Repository with all Python scripts and Riemann solvers used to solve the clogging problem. This code should be used within the clawpack package [1].
The riemann solver file should be uploaded into PATH/clawpack/riemann/ and _init_.py, setup.py and static.py need to be updated to add this riemann solver. Just add the following lines to the corresponding python scripts as indicated -
-
_init_.pyfrom . import Mu_I -
setup.pyone_d_riemann = ['Mu_I',
] -
static.pynum_eqn = {'Mu_I' : 1,
'Full_model' : 1,
}
num_waves = {'Mu_I' : 3,
'Full_model' : 3,
}
Once the riemann solver is added you can run the required python script from the Simulation scripts folder of the repository. The script Clog_simulation_Step_ini_R_varying.py should be run after running the MATLAB script Steady_phi_R_vary.m which generates the required .mat file acting as the initial condition of the simulation. The resulting output files can be made into a simulation video by modifying plotclaw1.m and afterframe.m files from visclaw. Below are two simulations that give rise to a "non-clogged" and a "clogged" steady state for input phi = 0.35 and phi = 0.45 respectively.

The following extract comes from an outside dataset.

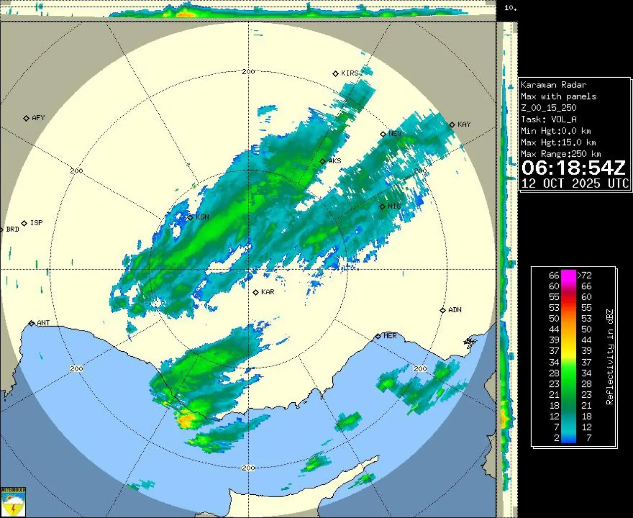 Seydişehir 10.2 mm, Meram Güneydere Köyü 9.1 mm, Karatay Göçü Köyü Bozdağ Milli Parkı 8 mm, Meram İlice Beldesi 8 mm, Akören 8 mm, Konya Bölge 7.2 mm, Emirgazi 6.5 mm, Karatay Bahri Dağdaş 6.3 mm, Altınekin 5.9 mm, Bozkır Sorkun Yaylası 5.8 mm, Karatay Esentepe Köyü 5.8 mm, Ahırlı 5.7 mm, Yalıhüyük 5.4 mm, Çumra 4.8 mm, Meram Konya Kent Ormanı 4.6 mm, Bozkır 4.3 mm, Yunak 4.2 mm, Çeltik 4.2 mm, Bozkır Sarıoğlan Beldesi 4,2 mm, Derebucak 4 mm, Halkapınar İvriz 3.8 mm, Kadınhanı 3.7 mm, Hadim Dedemli Dolhanlar 3.4 mm, Seydişehir Alacabel 2.8 mm, Akşehir 2.8 mm, Derbent Aladağ 2.6 mm, Karapınar Sazlıpınar Köyü 2.6 mm, Beyşehir 2.4 mm, Güneysınır 2.1 mm, Derbent 2.1 mm, Hadim 1.8 mm, Tuzlukçu 1.8 mm, Kadınhanı Altınova TİGEM 1.4 mm, Sarayönü 1.3 mm, Cihanbeyli Turanlar Köyü 1.2 mm, Ilgın 1.2 mm, Ereğli 1.2 mm, Kadınhanı Atlantı Beldesi 1.1 mm, Cihanbeyli Yeniceoba Beldesi 0.9 mm, Karapınar 0.9 mm, Taşkent 0.7 mm, Taşkent Balcılar 0.7 mm, Beyşehir Yeşildağ Ormanı 0.6 mm, Sarayönü Gözlü TİGEM 0.4 mm, Doğanhisar 0.3 mm yağış aldı.

Varying.Radius.with.phi_in_0.35.mp4
Varying.Radius.with.phi_in_0.45.mp4
[1] Ketcheson, David I. and Mandli, Kyle T. and Ahmadia, Aron J. and Alghamdi, Amal and Quezada de Luna, Manuel and Parsani, Matteo and Knepley, Matthew G. and Emmett, Matthew (2012). PyClaw: Accessible, Extensible, Scalable Tools for Wave Propagation Problems. SIAM Journal on Scientific Computing,34(4), C210--C231.